Resampling

The resampling method is a comparative analysis the allows that can be used to determine conditional essentiality of genes. It is based on a permutation test, and is capable of determining read-counts that are significantly different across conditions.

See Pathway Enrichment Analysis for post-processing the hits to determine if the hits are associated with a particular functional catogory of genes or known biological pathway.

Note

Can be used for both Himar1 and Tn5 datasets


How does it work?

Briefly, the normalized read-counts at all TA sites are determined for each replicate of each of two conditions. For each gene, the mean read-count in condition A is subtracted from the mean read-count in condition B to obtain an observed difference in means. The counts are then permuted within the gene for a given number of times (“samples”). For each of these permutations, the difference in read-counts is determined. This forms a null distribution, from which a p-value is calculated for the original, observed difference in read-counts. (see Figure 3 in [DeJesus2015TRANSIT]).

Pooled vs Site-Restricted (S-R) Resampling

9/21/2022: The original version of resampling implemented in Transit is called ‘pooled’ resampling because the counts are permuted among all samples (replicates, conditions) and among all the TA sites in a gene (i.e. randomizing counts within and between TA sites). This was based on the assumption that insertions at any TA site are equally likely (and the only differences are due to stochastic differences in abundance in the transposon insertion library when constructed).
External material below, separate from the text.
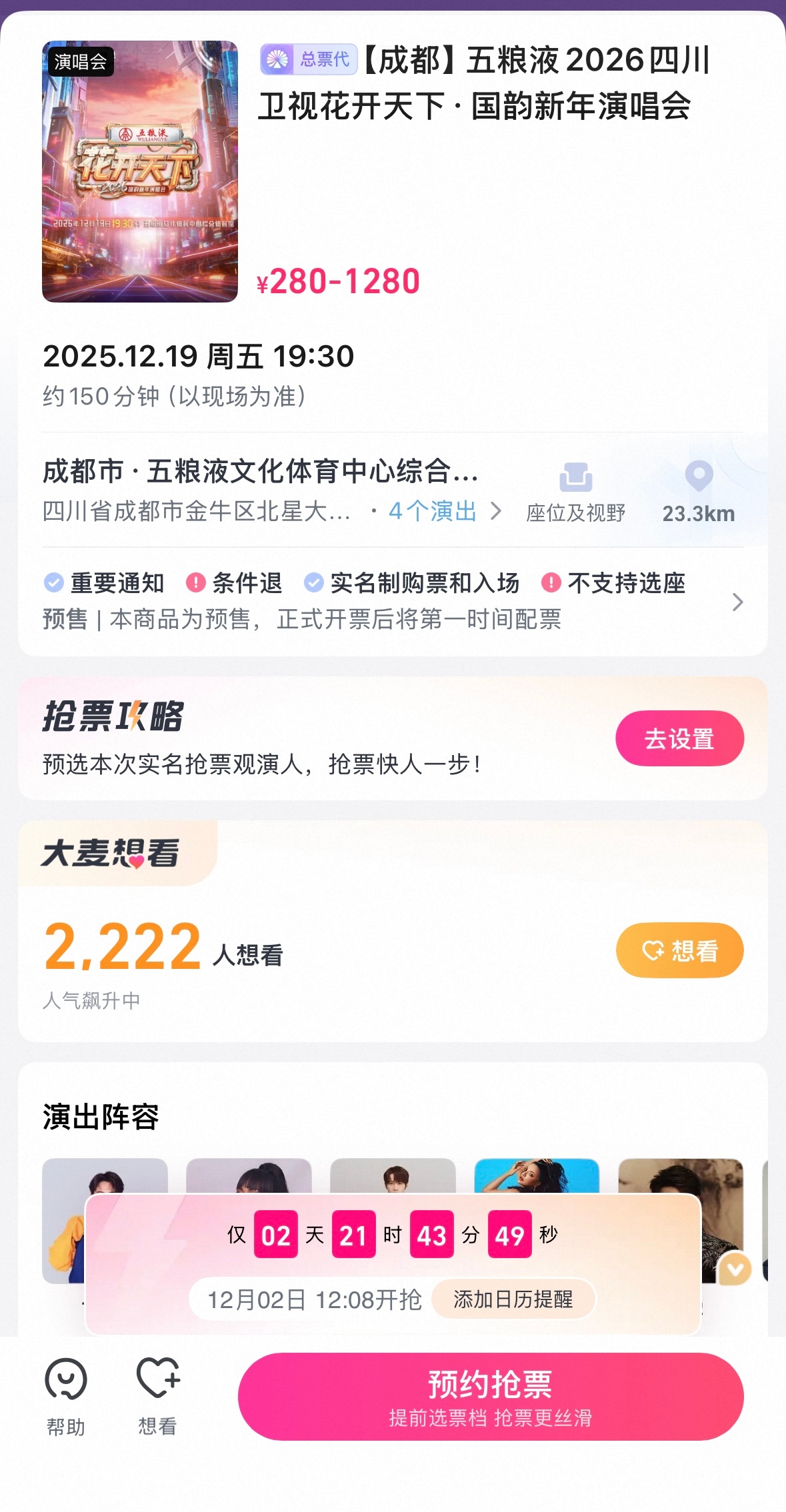 四川卫视花开天下新年演唱会 全阵容官宣‼️赵雅芝、李宇春、罗云熙、GAI周延、丁真珍珠、喻言、刘宇、吉克隽逸、韦唯、姚琛、井胧、陈瑶、VaVa毛衍七、江映蓉、唐汉霄、Lambert凌杰、张珈铭、小连杀(徐静)、鲜克12.2抢🎫,大家准备去看谁呢? 四川卫视花开天下新年演唱会路透 📍12.19 五粮液凤凰山体育馆

We recently developed an improved version of resampling called “site-restricted” (S-R) resampling. With S-R resampling, during the process of permuting the counts to generate the null distribution, the counts at each TA site are restricted to permutations among samples within the same TA site (the counts at each site are permuted independently). This restriction has the effect of reducing the variance in the null distribution, because there is evidence that there is an insertion bias for the Himar1 transposon that causes some TA sites to have a higher propensity for insertions and hence higher insertion counts than others (Choudhery et al, 2021).

Testing on a wide range of TnSeq datasets suggests that S-R resampling is more sensitive than regular pooled resampling. Typically, S-R resampling finds 2-3 times as many significant conditionally essential genes, mostly including the ones found by pooled resampling, but also capturing more borderline cases that were close to the previous significance cutoff.

It is important to note that the previous pooled version of resampling that has been in Transit for many years is not wrong, just overly conservative.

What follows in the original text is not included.